Introduction: Genomic variants of the human papillomavirus type 16 (HPV16) are thought to play differential roles in the susceptibility to head and neck squamous cell carcinomas (HNSCC) and its biological behaviour. This study aims to establish the prevalence of HPV16 variants in an HNSCC cohort and associate them with clinical-pathological characteristics and patient survival. Methods: We retrieved samples and clinical data from 68 HNSCC patients. DNA samples were available from tumour biopsy at the time of the primary diagnosis. Targeted next-generation sequencing (NGS) was used to obtain whole-genome sequences and variants were established based on phylogenetic classification. Results: 74.% of samples clustered in lineage A, 5.7% lineage B, 2.9% C and 17.1% D. Comparative genome analysis revealed 243 single nucleotide variations (SNVs). Of these one hundred were previously reported, according to our systematic review. No significant associations with clinical-pathological variables or patient survival were observed.
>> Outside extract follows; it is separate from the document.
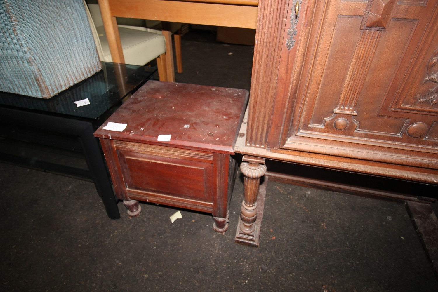 Lot 868: Vintage carved oak commode with turned legs and...

The E6 amino acid variations E31G, L83V and D25E and E7 N29S, associated with cervical cancer, were not observed, except for N29S in a single patient. Discussion/Conclusion: These results provide a comprehensive genomic map of HPV16 in HSNCC, highlighting tissue-specific characteristics which will help design tailored therapies for cancer patients.

引言：人乳头瘤病毒16型（human papillomavirus type 16, HPV16）的基因组变异被认为在头颈部鳞状细胞癌（head and neck squamous cell carcinomas, HNSCC）的易感性及其生物学行为中发挥差异化作用。本研究旨在明确某头颈部鳞状细胞癌（HNSCC）队列中HPV16变异株的流行率，并分析其与患者临床病理特征及生存结局的关联。 方法：本研究从68名头颈部鳞状细胞癌（HNSCC）患者中获取样本及临床数据，所有DNA样本均取自初诊时的肿瘤活检组织。本研究采用靶向下一代测序（next-generation sequencing, NGS）技术获取全基因组序列，并基于系统发育分类对变异株进行分型。 结果：74.%的样本聚类于A谱系，5.7%聚类于B谱系，2.9%聚类于C谱系，17.1%聚类于D谱系。比较基因组分析共鉴定出243个单核苷酸变异（single nucleotide variations, SNVs）。根据本研究的系统综述，其中100个变异此前已有报道。未观察到该类变异与临床病理指标或患者生存结局存在显著关联。与宫颈癌相关的E6氨基酸变异E31G、L83V、D25E以及E7 N29S均未检出，仅1例患者存在N29S变异。 讨论与结论：本研究结果构建了头颈部鳞状细胞癌（HNSCC）中HPV16的全面基因组图谱，重点揭示了其组织特异性特征，可为癌症患者的个性化治疗方案设计提供参考。